**What is being asked**.
Transcribe the full listing below, word for word, without pictures.

**Data section**.

○ ○ ○ ○ ○ ○ ○

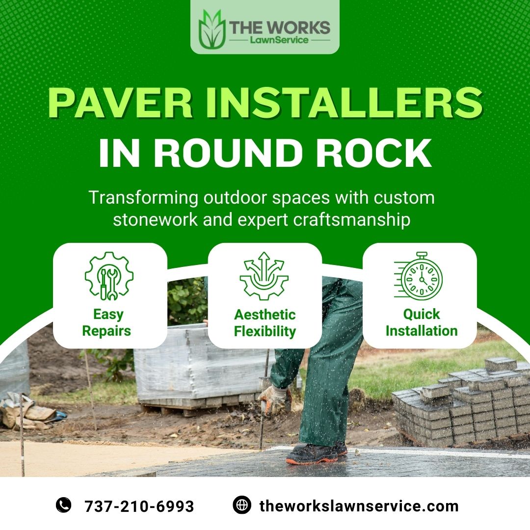 Uneven ground, shifting soil, and design challenges can turn paver installation into a frustrating and time-consuming project. The Works Lawn Service, expert paver installers in Round Rock, handles every step with precision for lasting strength and clean, polished results. Enjoy a flawless surface without the stress. Contact us today to transform your outdoor space.
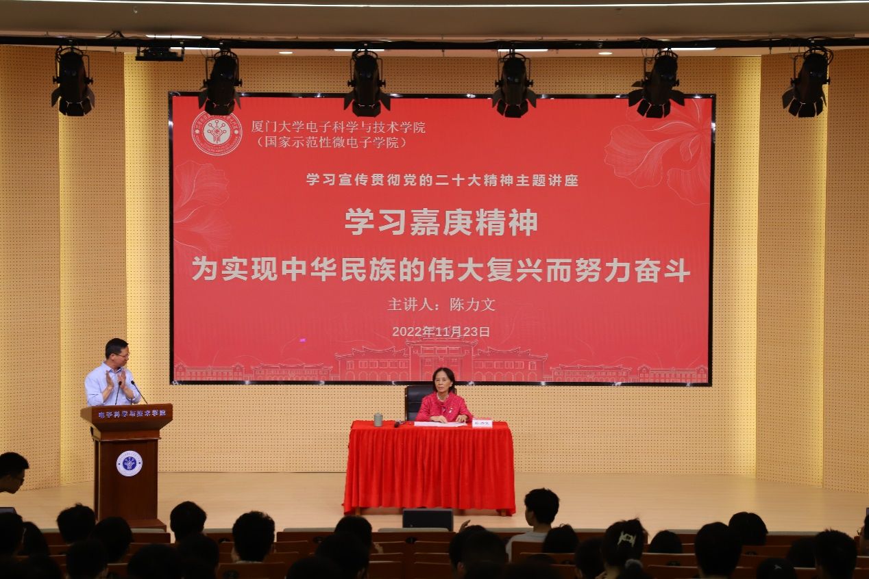 为学习贯彻党的二十大精神,进一步弘扬嘉庚精神,激励同学们奋进新时代,11月23日上午,学院特别邀请厦门大学原党委副书记、关工委顾问陈力文为2022级新生带来“学习嘉庚精神,为实现中华民族的伟大复兴而努力奋斗”的专题讲座。讲座由院党委副书记方银水主持,学院团委副书记刘锦锗、邵亢邑,辅导员严威参加活动。
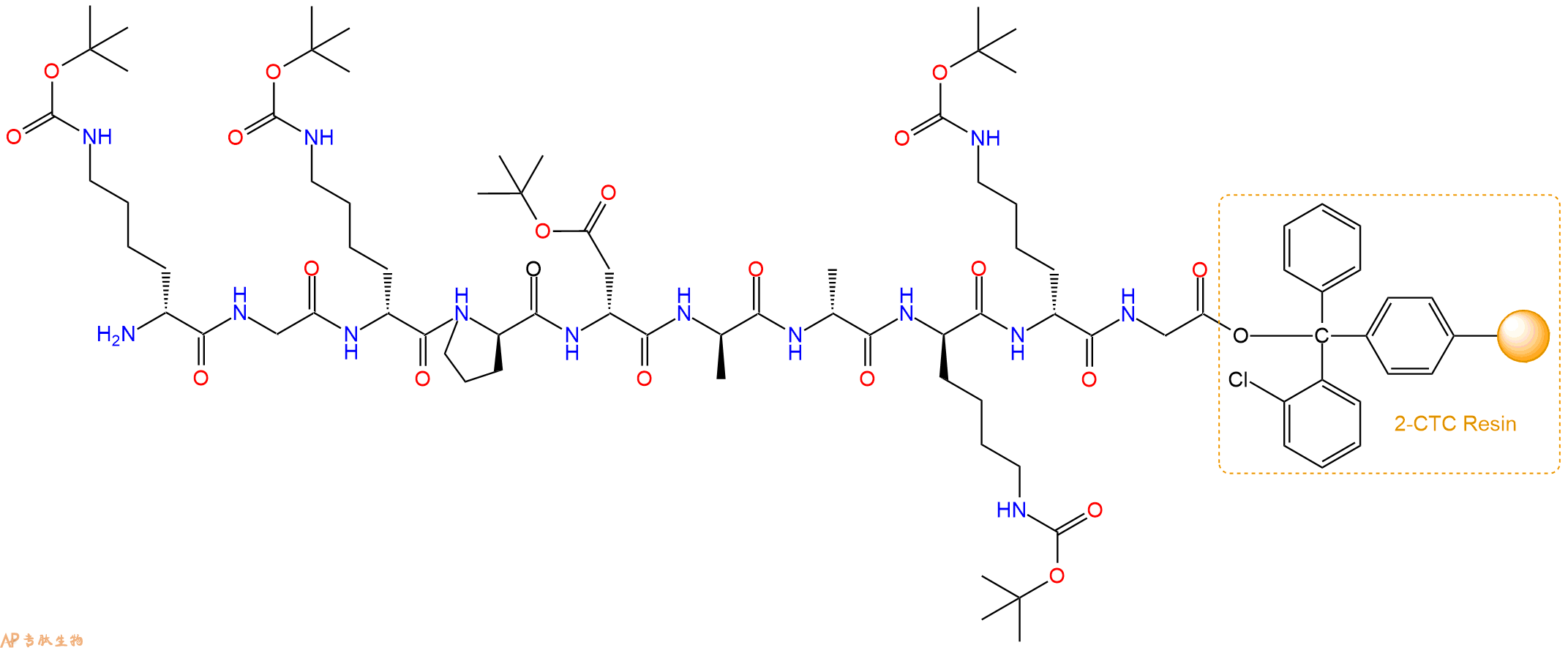 最后再经过步骤二得到 H2N-DLys(Boc)-Gly-DLys(Boc)-DPro-DAsp(OtBu)-DAla-DAla-DLys(Boc)-DLys(Boc)-Gly-CTC Resin,结构如下:

○ ○ ○ ○ ○ ○ ○

**Exercise result**.
 Uneven ground, shifting soil, and design challenges can turn paver installation into a frustrating and time-consuming project. The Works Lawn Service, expert paver installers in Round Rock, handles every step with precision for lasting strength and clean, polished results. Enjoy a flawless surface without the stress. Contact us today to transform your outdoor space.
 为学习贯彻党的二十大精神,进一步弘扬嘉庚精神,激励同学们奋进新时代,11月23日上午,学院特别邀请厦门大学原党委副书记、关工委顾问陈力文为2022级新生带来“学习嘉庚精神,为实现中华民族的伟大复兴而努力奋斗”的专题讲座。讲座由院党委副书记方银水主持,学院团委副书记刘锦锗、邵亢邑,辅导员严威参加活动。
 最后再经过步骤二得到 H2N-DLys(Boc)-Gly-DLys(Boc)-DPro-DAsp(OtBu)-DAla-DAla-DLys(Boc)-DLys(Boc)-Gly-CTC Resin,结构如下:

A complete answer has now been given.